More pictures and information about GA-P55-UD5 appeared at bit-tech:
http://www.bit-tech.net/hardware/motherboards/2009/07/14/first-look-gigabyte-ga-p55-ud5-motherboard/1
ZX-S & C64 are still my favourites ;-)

Re: Pictures of P55 motherboards
« Reply #13 on: July 23, 2009, 02:42:29 pm »
Very nice - might have this board in my LAN rig :D

~Bex

Re: Pictures of P55 motherboards
« Reply #14 on: July 27, 2009, 10:14:49 pm »
Daft question of the month time.

If there's no north bridge, are the duties it would normally do loaded onto the south bridge or the CPU? Whichever way it is, isn't this likely to blunt the performance compared to the traditional NB/SB setup where each bridge could be doing things independently of each other, especially if its been shifted into the CPU? Or have they combined the bridges into a single 'super bridge' chip that is as powerful as the traditional NB/SB setup? Finally, if the bridges are combined does this limit what can be done with the board in terms of additional hardware? For example, will it still be possible to produce budget board with minimal features (a couple of SATA ports, single PCIex1 slot etc) and fully loaded top end board (dual PCIe, lots of SATA with dual RAID capabilities, silly numbers of USB ports etc), or are we stuck with limited configurations?
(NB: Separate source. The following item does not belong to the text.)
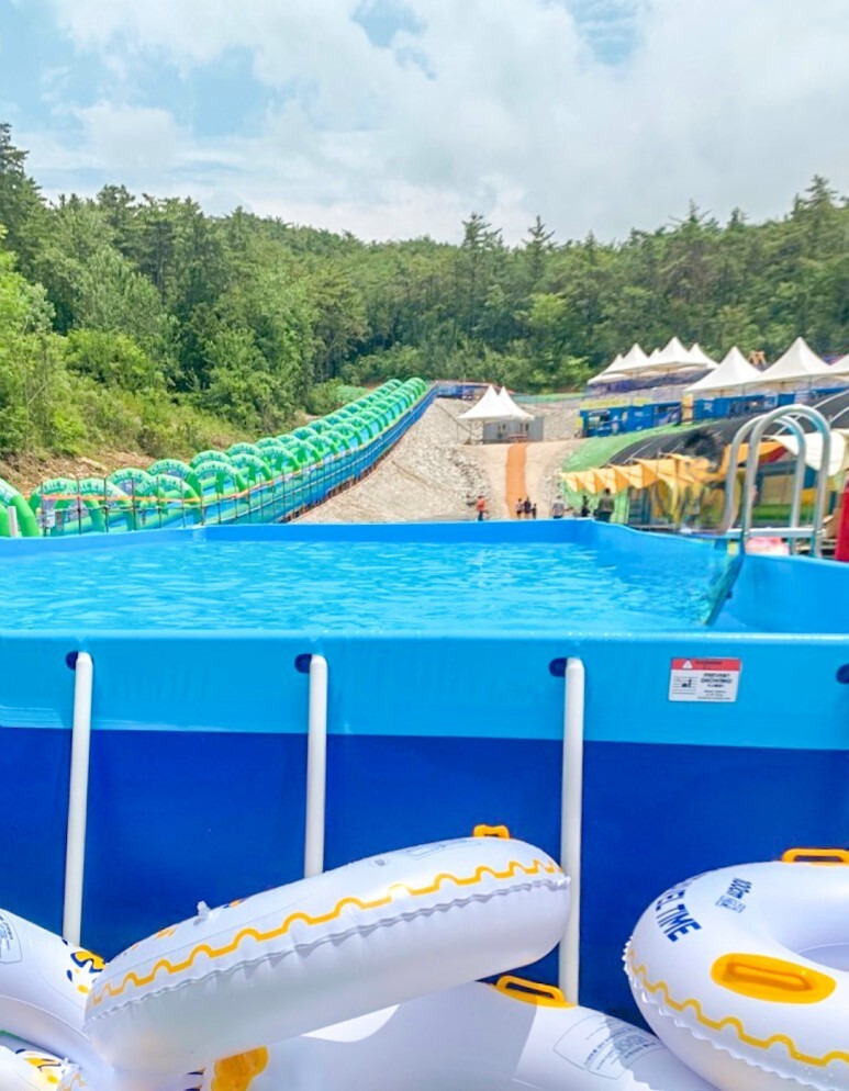 부안 변산해수욕장의 아름다운 해변을 바라면서 워터축제를 즐길 수 있는 부안워터페스티벌!!워터슬라이드 + 에어바운스 + 워터풀 + 놀이기구 등 마감시간까지 이용가능 하다!

I'm only curios really, just wondering if the possible lack of flexibility is a sign that Intel are aiming the Core i5 at the domestic/office end of the market where you get waht you're given with a minimal ability to customise the configuration leaving the Core i7 as the only viable option for those with specialist requirements. Like I said, daft questions of the month time.